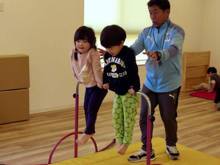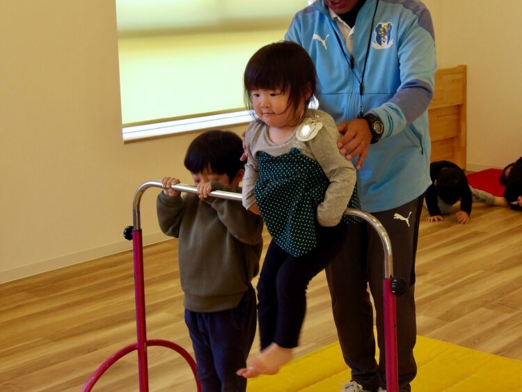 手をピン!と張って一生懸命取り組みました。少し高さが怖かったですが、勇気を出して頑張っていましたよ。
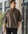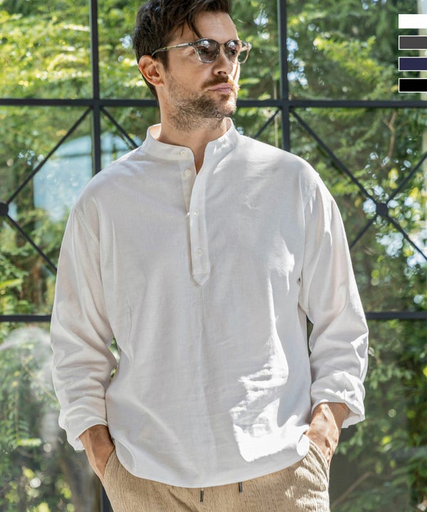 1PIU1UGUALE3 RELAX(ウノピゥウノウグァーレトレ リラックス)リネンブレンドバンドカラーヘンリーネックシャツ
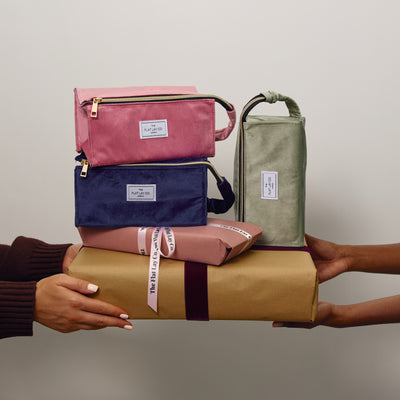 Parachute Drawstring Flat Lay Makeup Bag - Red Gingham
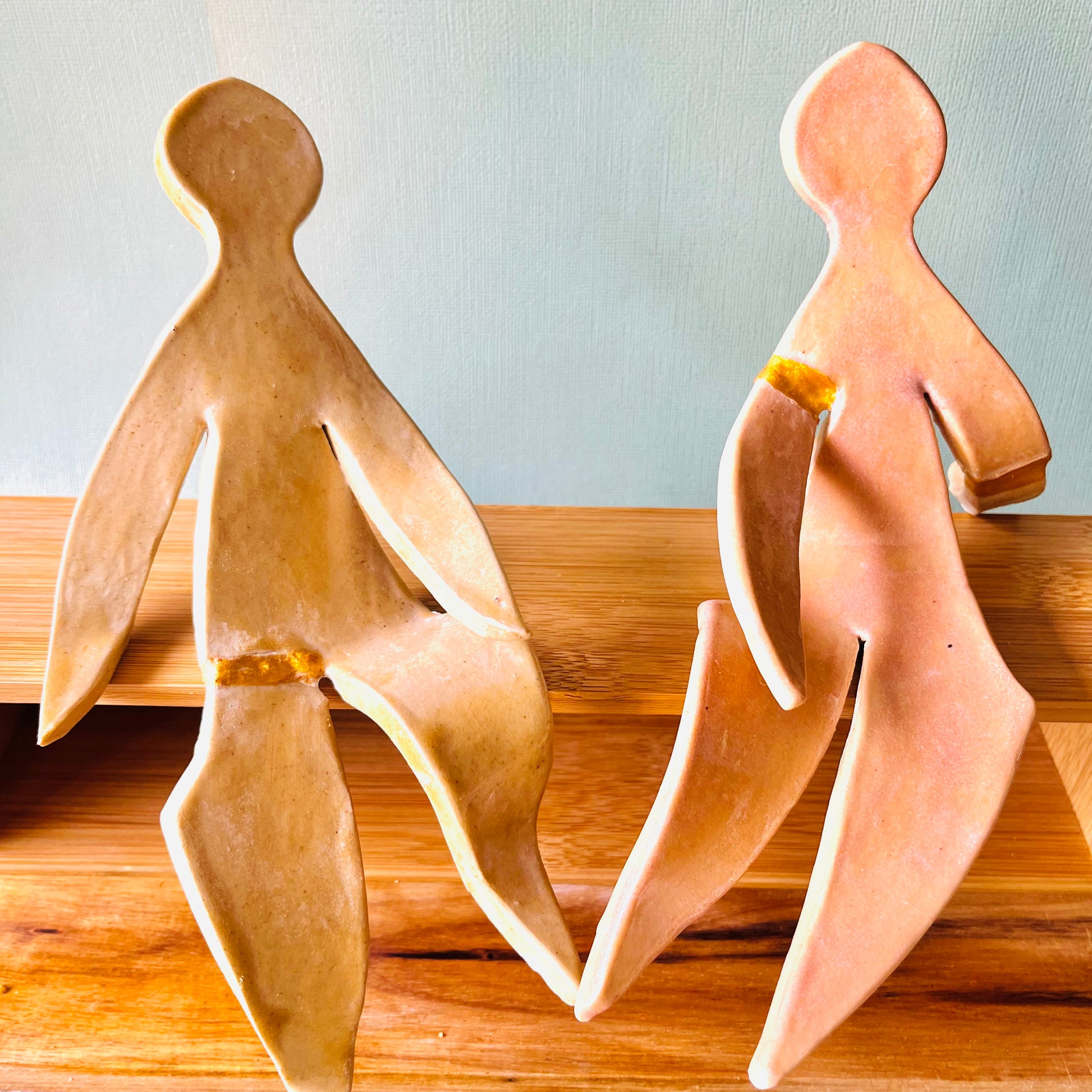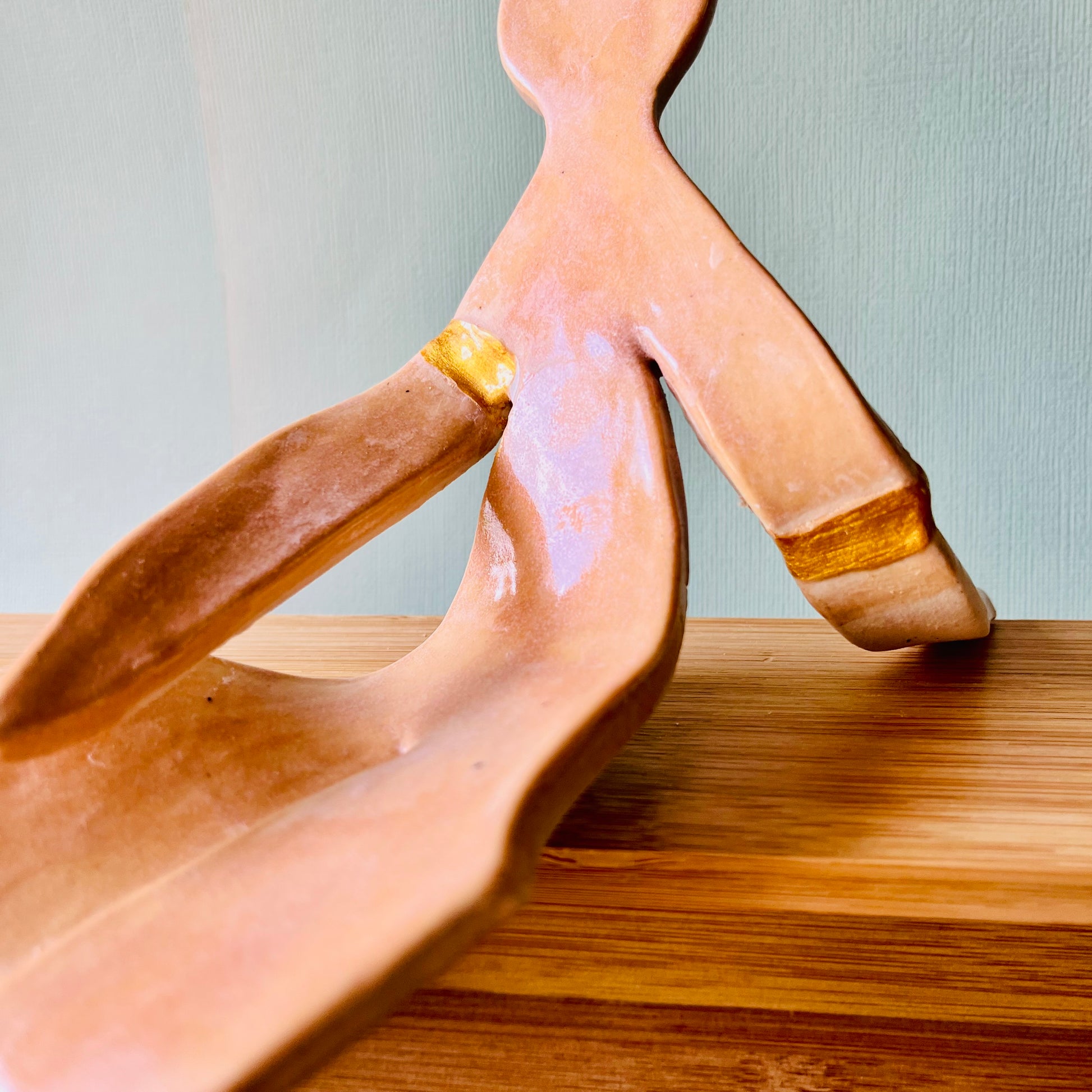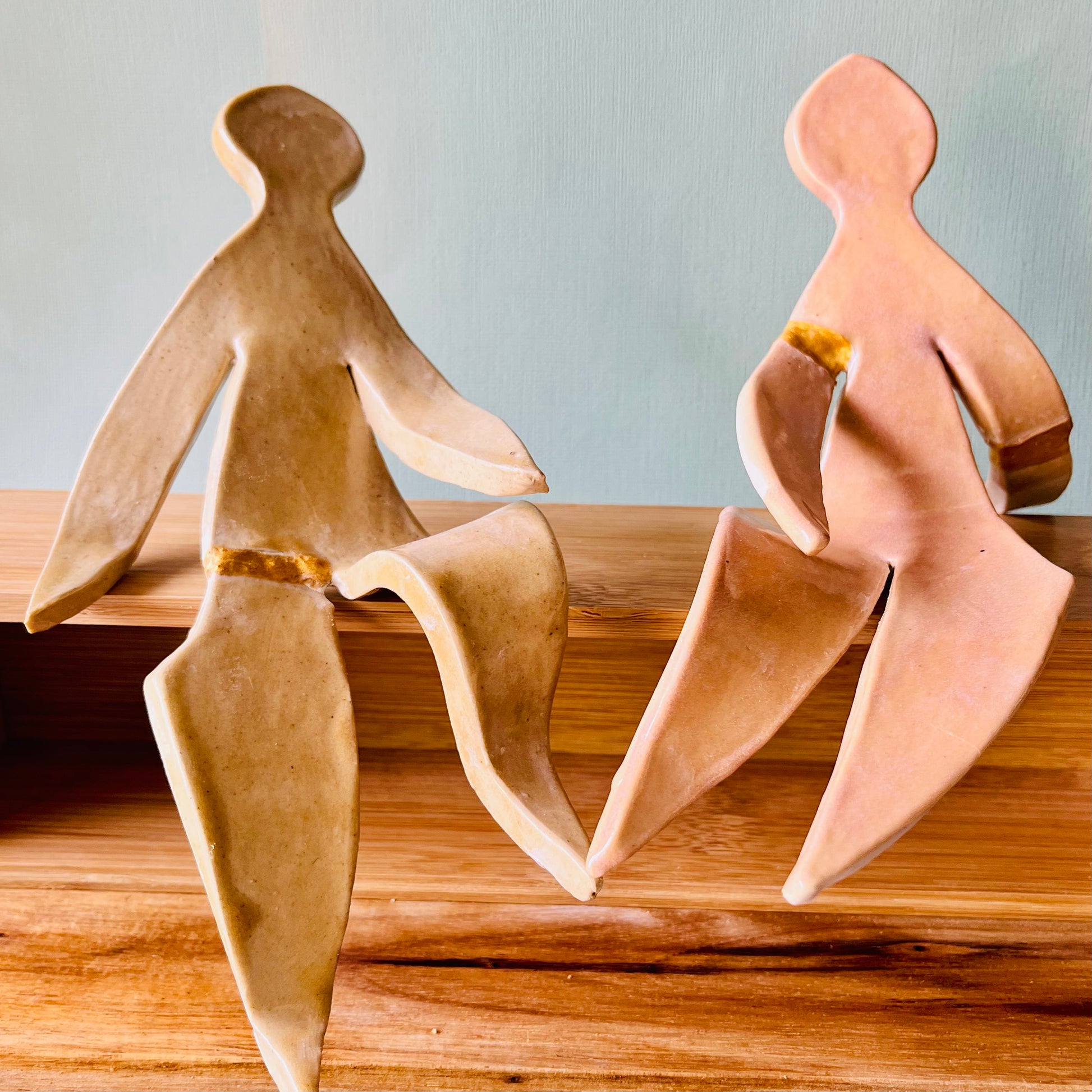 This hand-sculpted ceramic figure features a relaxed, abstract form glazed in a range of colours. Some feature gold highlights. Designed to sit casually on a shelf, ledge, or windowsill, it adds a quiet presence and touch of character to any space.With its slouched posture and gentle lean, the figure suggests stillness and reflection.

========================================================================

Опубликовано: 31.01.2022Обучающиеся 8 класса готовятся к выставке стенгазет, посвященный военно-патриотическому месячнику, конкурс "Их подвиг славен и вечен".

========================================================================

* _WORK INSTRUCTION_:
From the records above, copy exactly the stretch from the line holding "Parachute Drawstring Flat" through the line holding "This hand-sculpted ceramic", both ends included, without the pictures.

* _THE COMPLETED TASK_:
 Parachute Drawstring Flat Lay Makeup Bag - Red Gingham
 This hand-sculpted ceramic figure features a relaxed, abstract form glazed in a range of colours. Some feature gold highlights. Designed to sit casually on a shelf, ledge, or windowsill, it adds a quiet presence and touch of character to any space.With its slouched posture and gentle lean, the figure suggests stillness and reflection.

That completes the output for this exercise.